- Episode no.: Season 5 Episode 11
- Directed by: Rob Schrab
- Written by: Dino Stamatopoulos
- Production code: 513
- Original air date: April 3, 2014

Guest appearances
- Jonathan Banks as Major Dick / Professor Buzz Hickey; John Oliver as Xim-Xam / Mix-Max / Dr Ian Duncan (voice only); Rob Schrab as Cobra Commander (voice only); Michael Bell as Duke (voice only); Mary McDonald-Lewis as Scarlett (voice only); Bill Ratner as Flint (voice only); Mark Rivers as Deep Dish (voice only); Isaac C. Singleton Jr. as Destro (voice only); Dan Harmon as Sleep Apnea (voice only);

Episode chronology
| ← Previous "Advanced Advanced Dungeons & Dragons" | Next → "Basic Story" |
- Community season 5

= G.I. Jeff =

"G.I. Jeff" (titled onscreen as "Government Issue Jeff") is the eleventh episode of the fifth season of Community, and the 95th episode overall in the series. It originally aired on April 3, 2014 on NBC. The episode was written by Dino Stamatopoulos, and directed by Rob Schrab. The episode was completed in the animation style of the popular 1980s children's television animated series, G.I. Joe: A Real American Hero.

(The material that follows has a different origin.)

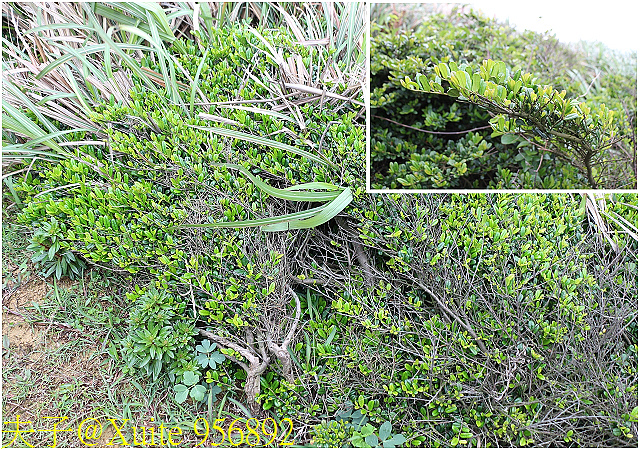 濱柃木,本名叫凹葉柃木,俗稱馬祖紫檀,常綠性灌木,性耐風、耐鹽,是島上的優勢植物。因為經過島上強勁的東北季風洗禮,自然成形的樹姿伸展優美的風切樹,濱柃木開花期,黃白色的小花,雖然玲瓏可愛,但是散發出來的氣味卻是有點臭臭的。
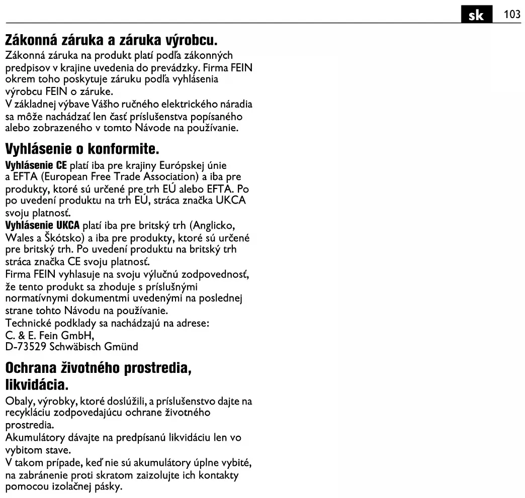 Wyrobów, który miały kontakt z azbestem nie wolno oddawać do naprawy. Wyroby skażone azbestem należy usuwać w sposób zgodny z obowiązującymi w danym kraju przepisami prawnymi dotyczącymi postępowania z azbestem. Aktualna lista części zamiennych dla niniejszego elektronarzędzia znajduje się pod adresem internetowym www.fein.com. Należy stosować wyłącznie oryginalne części zamienne. W razie potrzeby możliwa jest wymiana we własnym zakresie następujących elementów: Narzędzia robocze, akumulator, osprzęt Rękojmia i gwarancja. Rękojmia na produkt jest ważna zgodnie z ustawowymi przepisami regulującymi w kraju, w którym produkt został wprowadzony do obrotu. Oprócz tego produkt objęty jest gwarancją firmy FEIN, zgodnie z deklaracją gwarancyjną producenta. W zakres dostawy nabytego elektronarzędzia może wchodzić tylko część ukazanego na rysunkach lub opisanego w instrukcji eksploatacji osprzętu. Oświadczenie o zgodności. Oświadczenie CE dotyczy tylko krajów Unii Europejskiej oraz Europejskiego Stowarzyszenia Wolnego Handlu (EFTA) i tylko wyrobów, które przeznaczone są do rozprowadzania na rynku UE lub EFTA. Po wprowadzeniu wyrobu na rynek EU, znak UKCA traci ważność. Oświadczenie UKCA (UK Conformity Assessed) dotyczy tylko Wielkiej Brytanii (Anglii, Walii i Szkocji) i tylko wyrobów, które przeznaczone są do rozprowadzania na rynku Wielkiej Brytanii. Po wprowadzeniu wyrobu na rynek brytyjski, znak CE traci ważność. Firma FEIN oświadcza z pełną odpowiedzialnością, że niniejszy produkt zgodny jest z odpowiednimi postanowieniami podanymi na ostatniej stronie niniejszej instrukcji eksploatacji. Dokumentacja techniczna: C. & E. Fein GmbH, C-D1_IA, D-73529 Schwäbisch Gmünd Ochrona środowiska, usuwanie odpadów. Opakowanie, zużyte elektronarzędzia i osprzęt należy dostarczyć do utylizacji zgodnie z przepisami z ochrony środowiska. Akumulatory należy oddawać do punktu utylizacji w stanie rozładowanym. Jeżeli akumulator nie rozładował się całkowicie, styki należy zakleić taśmą izolującą, w celu uniknięcia zwarcia.110

The episode received generally positive reviews, with critics praising the affectionate homage to the childhood cartoon series. Despite positive reviews, however, the episode saw season lows of 0.9/3 in the 18-49 rating/share demo and 2.50 million American viewers.

==Plot==
The episode begins with Cobra forces led by Destro attacking the Taj Mahal. They are intercepted by G.I. Joe troops led by Flint. Among the force is the study group; Annie, codenamed "Tight Ship", who questions their orders; Britta, codenamed "Buzzkill", who comments on her suggestive outfit with inappropriate language; Shirley, codenamed "Three Kids", who is too busy talking to her children on the phone to focus on the battle; and Jeff), codenamed "Wingman". Jeff shoots down Destro's plane, but takes things too far when he shoots out Destro's parachute, causing Destro to fall to his death.

The quartet are charged with violence, suggestive language, and mature situations unbecoming of G.I. Joe at a court-martial presided over by Duke, Flint, and Scarlett. Wingman defends the first killing in G.I. Joe history by countering it should be their duty to eliminate Cobra because it is a ruthless terrorist organization, but the four are sent to jail.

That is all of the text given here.